# Hello from AUSTRALIA! :D



## LoveStory10 (Oct 31, 2009)

Lol hey there! Welcome to the Forum... Its great to get a new member. Australia? Wow thats awsome!!! Have fun here, and enjoy!!!


----------



## RedTree (Jan 20, 2010)

hey I'm from Australia as well 
But I'm in WA 
I'm 17 and have a tb
did you have any horses?


----------



## Kayty (Sep 8, 2009)

Yay another Aussie!!!

I'm Kayty, almost 20 and from SA, have just brought another ottb for dressage. Welcome to the forum


----------



## PoNy PrInCeSs (Mar 21, 2010)

heyy, oh thhats great 
yeah I do I have a thoroughbred mare Lilly and a little welsh x riding pony named Gizmo.


----------



## PoNy PrInCeSs (Mar 21, 2010)

hey there Kayty yeah another aussie 
thankss


----------



## my2geldings (Feb 18, 2008)

Welcome to the forum


----------



## jazzyrider (Sep 16, 2007)

heya. im from australia too. i live in qld  welcome


----------



## Reiterin (Mar 28, 2010)

welcome to the forum.


----------



## darkwillow (Apr 12, 2009)

YAYAYAYAYAYAYAYAY!!!!!!!!!!!!!!!!!!!!!!!!!!!!!!!!!!!!!!!!!!!!!!!!!!!!!!!!!!!!

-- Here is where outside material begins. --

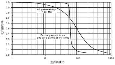 此外,電感磁芯材料也是選擇電感時應(yīng)該加以考慮的重要因素。常用的磁芯材料分為兩大類,一類是粉狀磁芯,以鐵粉芯、High Flux高磁通磁粉芯以及Kool Mμ為代表;另一類是鐵氧體磁芯。兩種磁芯材料各有優(yōu)缺點(diǎn),設(shè)計人員在選擇的時候,應(yīng)根據(jù)成本、性能、尺寸等因素綜合考慮進(jìn)行選擇。相對粉狀磁芯電感,鐵氧體磁芯的電感具有較低的磁芯損耗,同時具有較高的開關(guān)頻率(高達(dá)MHz)。因此,鐵氧體磁芯通常是此類應(yīng)用的最佳選擇。當(dāng)然,鐵粉磁芯也有其優(yōu)越性,例如鐵粉磁芯的成本相對鐵氧體要低得多;另外,粉狀磁芯的電感隨著流過電感的直流偏置電流的變大要下降得緩慢些,相當(dāng)于具有“軟”飽和特性,而鐵氧體磁芯的電感值在飽和以后就會迅速下降(見圖1),因此在設(shè)計的時候需要留有更多的余量,防止電感出現(xiàn)飽和。如圖1所示,粉狀磁芯的電感值隨著負(fù)載電流的增大下降相對緩慢。鐵粉磁芯往往是用于一些對功耗要求不甚敏感,開關(guān)頻率也不高(<200kHz),但注重成本的應(yīng)用場合。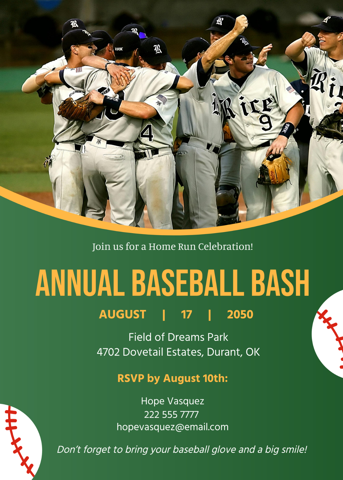 Our templates are perfect for all ages and occasions. Whether you’re throwing a baseball-themed party for kids or adults, our templates can be easily personalized to suit your needs. You can add photos, change the colors, and even include special instructions for your guests. With just a few clicks, you’ll have a professional-looking invitation that will impress your friends and family.

I'm in qld too. And I'm 17 and I own several horses. Have fun with the forum!!


----------



## wild_spot (Jan 30, 2008)

Welcome, and good to see another Aussie :]


----------



## PumpkinzMyBaby22 (Jul 5, 2009)

welcome to the forum! YAY! nice to see another Aussie around


----------